Mathematical Modeling on Integrated Vehicle Assignment and Rebalancing in Ride-hailing System with Uncertainty Using Fuzzy Linear Programming
DOI:
https://doi.org/10.37934/araset.42.2.133144Keywords:
ride-hailing, assignment, batch-assignment, rebalancing, integration assignment and rebalancing, fuzzy linear programming, uncertaintyAbstract
The general public frequently uses taxis as local transportation to get from one location to another. Ride-hailing is an innovation in taxi services that lets customers use their smartphones to find drivers, find prices, and submit requests. The two parts of ride-hailing are vehicle assignment and rebalancing. The task of the assignment is to allocate resources as efficiently as possible to fulfil demand. Demand and supply in the area are brought into balance through the rebalancing process. The rebalancing step is frequently carried out independently of the assignment process in ride-hailing pickup systems. However, it can be integrated into a single optimization process to improve system performance. The linear programming approach can integrate assignment and rebalancing.

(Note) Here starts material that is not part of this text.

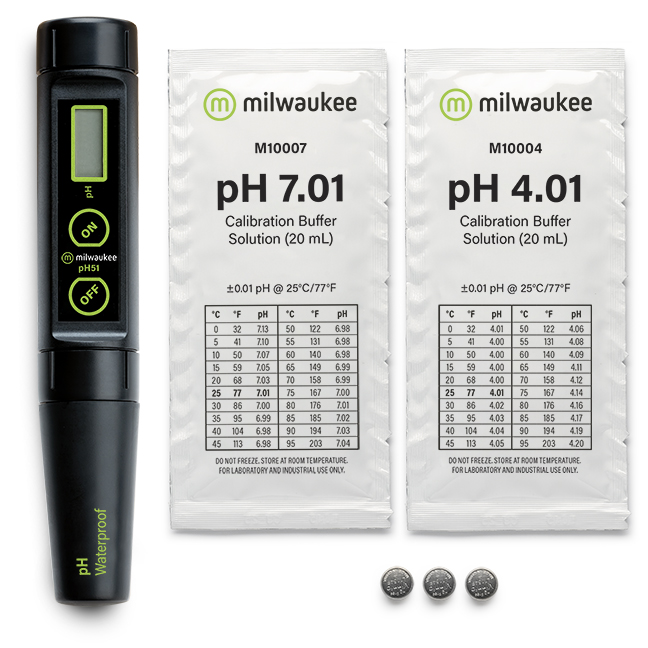 PH51 es un medidor de pH a prueba de agua con calibración manual de 2 puntos, precisión de pH de ± 0.1 y un rango de pH de 0.0 a 14.0.

The batch assignment is an assignment algorithm in which each supply and demand is collected within a specific time window. The assignment is done after the vehicles and requests are collected. Fuzzy linear programming is used to deal with environmental uncertainty. Uncertain demand can reduce the reliability of ride-hailing pickup systems in addressing the problem of allocating empty vehicles to areas of high demand. The pickup time may change over time due to traffic conditions. Assignment integration and rebalancing modelling with fuzzy parameters are carried out to obtain a ride-hailing pickup system model that can handle demand uncertainty, pickup travel time, and travel delay times and increase the ride-hailing effectiveness of the pickup system. Numerical simulations were carried out on the assignment and rebalancing integration model without and with uncertainty parameters—numerical simulations based on publicly available taxi travel request data. The model selection for the ride-hailing system can be determined based on the numerical simulation results. This research can potentially advance and expand knowledge, especially in transportation.